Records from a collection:
***

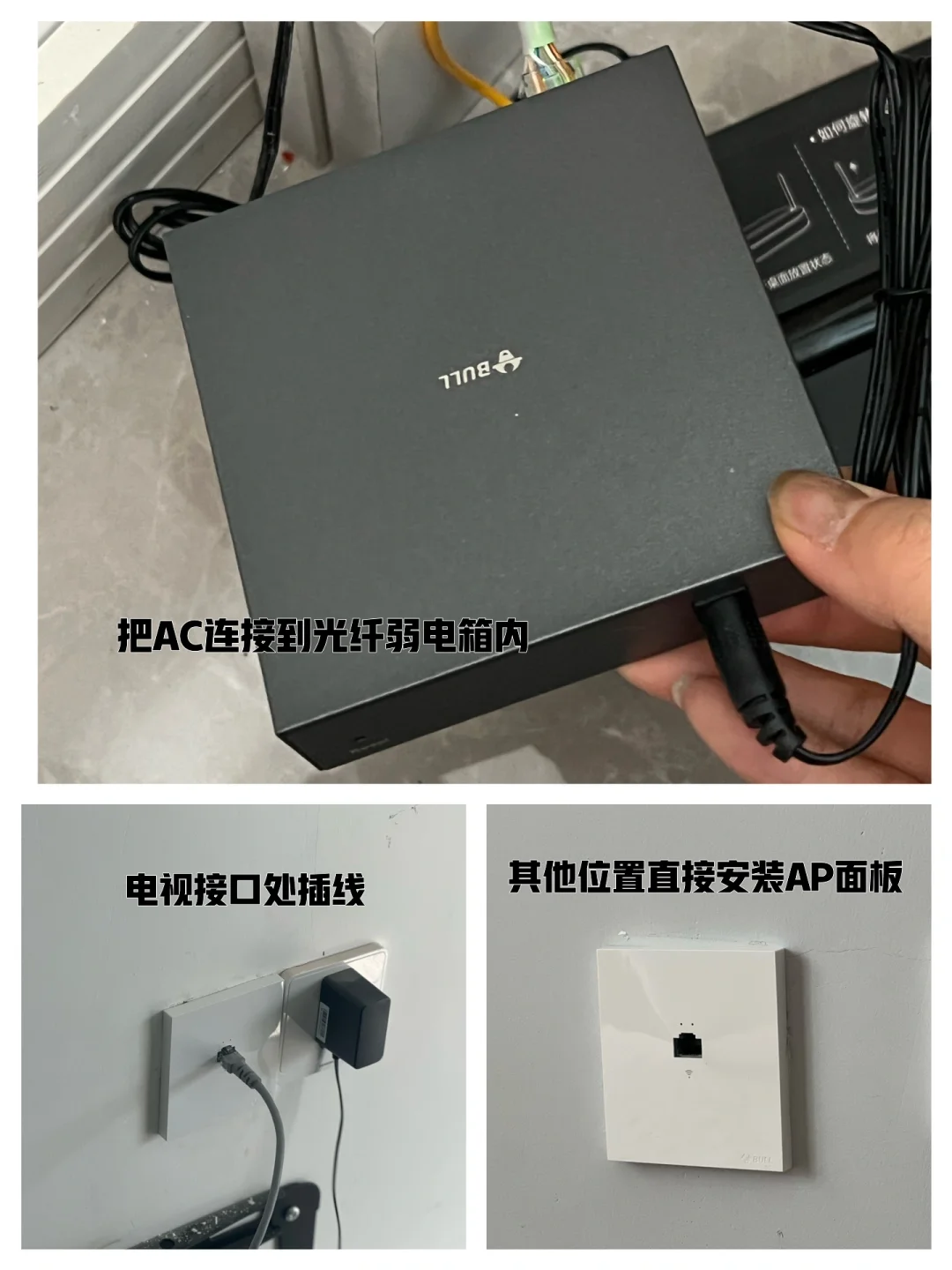 📶设备:一台公牛1200M Poe AC路由器 ➕三个AP面板 可以根据自家面积和房间数来增加AP面板数量
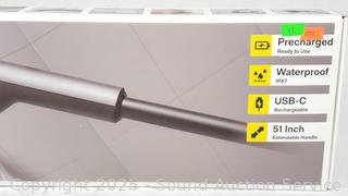 51" extendable, USB-C rechargeable, IPX7 waterproof. Appears to be unused, complete.
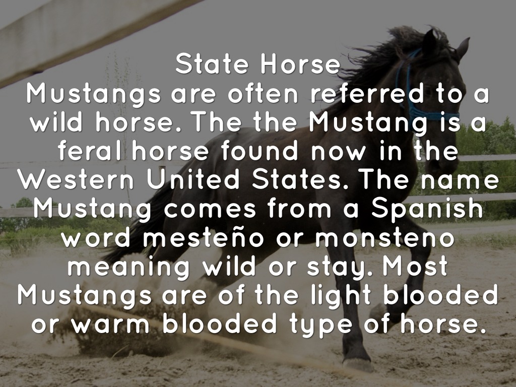 State Horse Mustangs are often referred to a wild horse. The the Mustang is a feral horse found now in the Western United States. The name Mustang comes from a Spanish word mesteño or monsteno meaning wild or stay. Most Mustangs are of the light blooded or warm blooded type of horse.
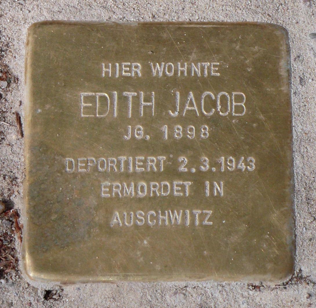 Edith war unverheiratet und kinderlos und lebte mit einem Lebensgefährten zusammen, von dem sie finanziell unabhängig war. Seit 1937 war sie Mitglied des Ensembles des jüdischen Kulturbund-Chores. Sie begleitete ihre Schwester nach Hamburg, die sich dort mit ihrem Sohn am 20.1.1939 auf der Monte Rosa einschiffte, um nach Sao Paulo auszuwandern. Edith wollte später mit ihrer Mutter nachkommen. Sie erlitt jedoch beim Anblick der Auswanderer und der umherschwirrenden Gerüchte einen schweren Nervenzusammenbruch – es war auch die Trennung vom Lebensgefährten vorausgegangen – und sie musste klinisch behandelt werden. Ihrer Mutter gelang es unter großen Schwierigkeiten, sie aus der Anstalt herauszuholen, aus Angst, dass sie sonst der Euthanasie zum Opfer gefallen wäre. Sie wurde dann zur Zwangsarbeit in der Wäscherei Spindler eingesetzt.
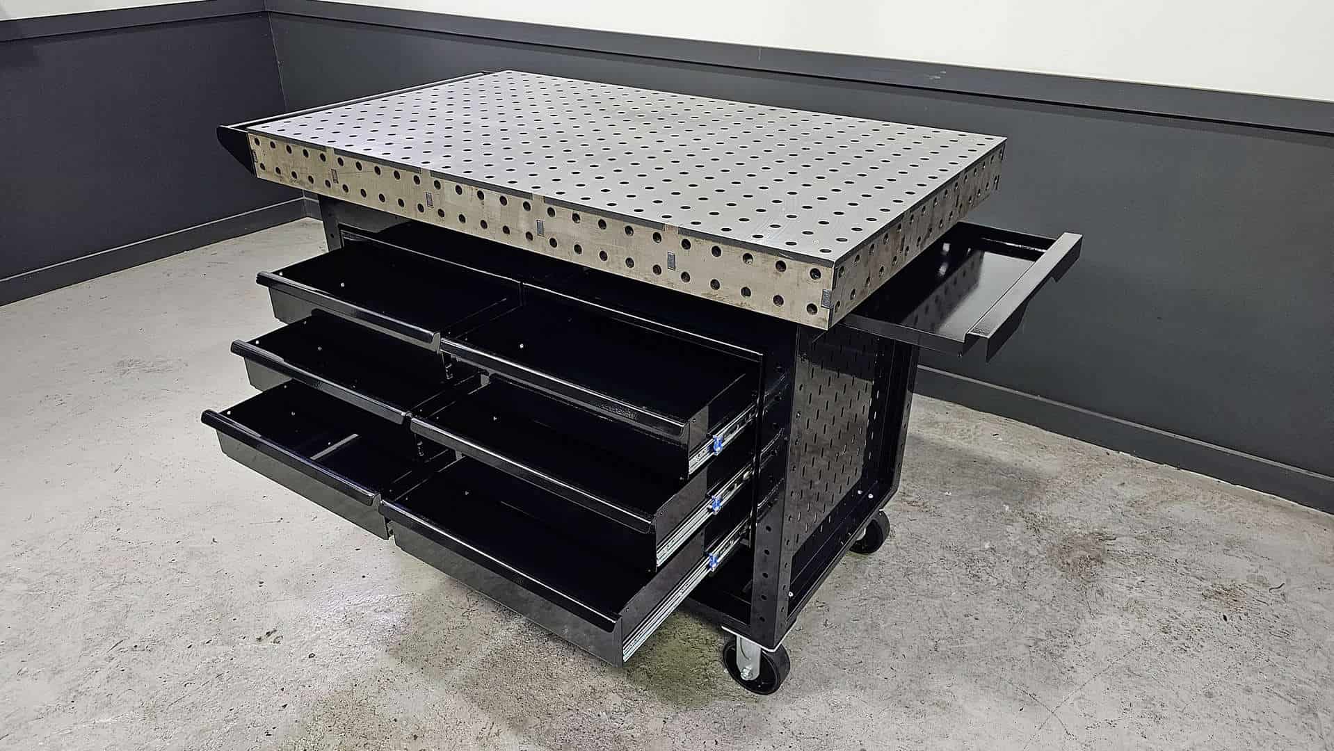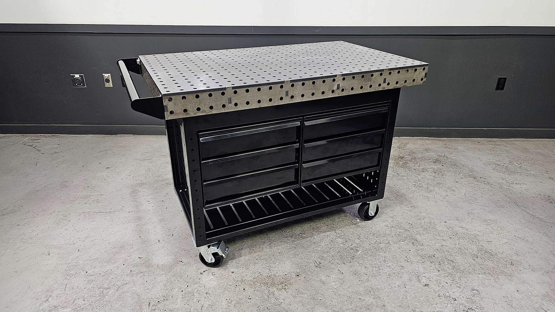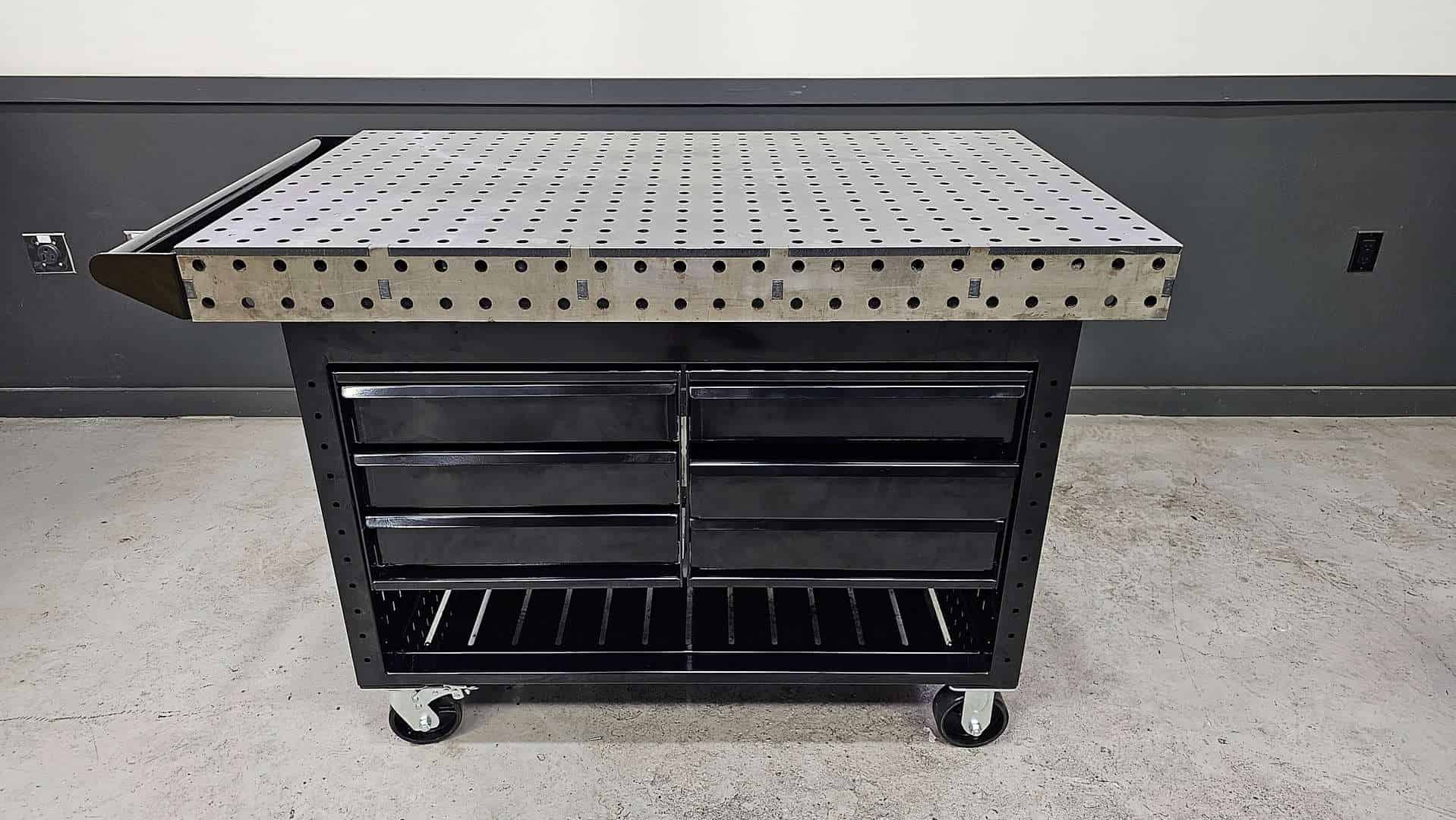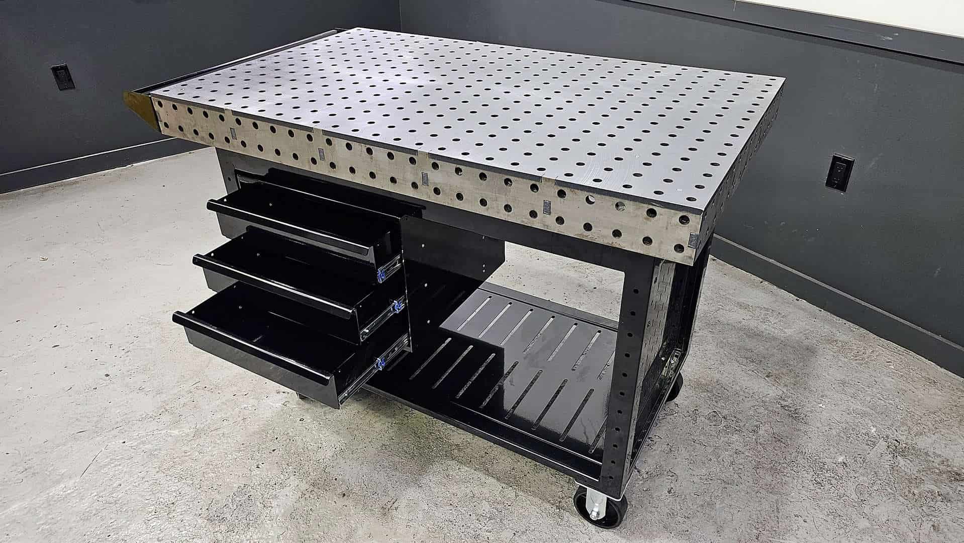 • In the Core configuration the Wolfram Weldstation comes fully fabricated with the top, debris drawers, legs, lower shelf, casters, and handle. There is no difference between any of these components and the other configurations other than additional accessories. In other words, if you start with the Core package, you can add or change the configuration later with simple bolt on accessories.
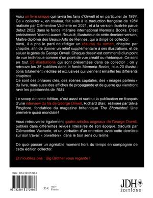 LE COLLECTOR 1984 : un produit d'exception pour les fans du roman ! Retrouvez en exclusivité mondiale, une interview du fils de George Orwell traduite en français ! Mais aussi une interview de la dernière traductrice en date de 1984... et aussi 55 illustrations commentées artistiquement et techniquement par leur créateur Yoann Laurent-Rouault, concepteur de cet ouvrage. Vous retrouverez bien sûr aussi un résumé de 1984 chapitre par chapitre, que les illustrations viennent émailler. Sans oublier quatre essais peu connus de George Orwell dont les confessions d'un critique littéraire !

***

== WHAT IS NEEDED ==
Without the pictures, return the records above exactly as written.

== ANSWER BELOW ==
 📶设备:一台公牛1200M Poe AC路由器 ➕三个AP面板 可以根据自家面积和房间数来增加AP面板数量
 51" extendable, USB-C rechargeable, IPX7 waterproof. Appears to be unused, complete.
 State Horse Mustangs are often referred to a wild horse. The the Mustang is a feral horse found now in the Western United States. The name Mustang comes from a Spanish word mesteño or monsteno meaning wild or stay. Most Mustangs are of the light blooded or warm blooded type of horse.
 Edith war unverheiratet und kinderlos und lebte mit einem Lebensgefährten zusammen, von dem sie finanziell unabhängig war. Seit 1937 war sie Mitglied des Ensembles des jüdischen Kulturbund-Chores. Sie begleitete ihre Schwester nach Hamburg, die sich dort mit ihrem Sohn am 20.1.1939 auf der Monte Rosa einschiffte, um nach Sao Paulo auszuwandern. Edith wollte später mit ihrer Mutter nachkommen. Sie erlitt jedoch beim Anblick der Auswanderer und der umherschwirrenden Gerüchte einen schweren Nervenzusammenbruch – es war auch die Trennung vom Lebensgefährten vorausgegangen – und sie musste klinisch behandelt werden. Ihrer Mutter gelang es unter großen Schwierigkeiten, sie aus der Anstalt herauszuholen, aus Angst, dass sie sonst der Euthanasie zum Opfer gefallen wäre. Sie wurde dann zur Zwangsarbeit in der Wäscherei Spindler eingesetzt.
 • In the Core configuration the Wolfram Weldstation comes fully fabricated with the top, debris drawers, legs, lower shelf, casters, and handle. There is no difference between any of these components and the other configurations other than additional accessories. In other words, if you start with the Core package, you can add or change the configuration later with simple bolt on accessories.
 LE COLLECTOR 1984 : un produit d'exception pour les fans du roman ! Retrouvez en exclusivité mondiale, une interview du fils de George Orwell traduite en français ! Mais aussi une interview de la dernière traductrice en date de 1984... et aussi 55 illustrations commentées artistiquement et techniquement par leur créateur Yoann Laurent-Rouault, concepteur de cet ouvrage. Vous retrouverez bien sûr aussi un résumé de 1984 chapitre par chapitre, que les illustrations viennent émailler. Sans oublier quatre essais peu connus de George Orwell dont les confessions d'un critique littéraire !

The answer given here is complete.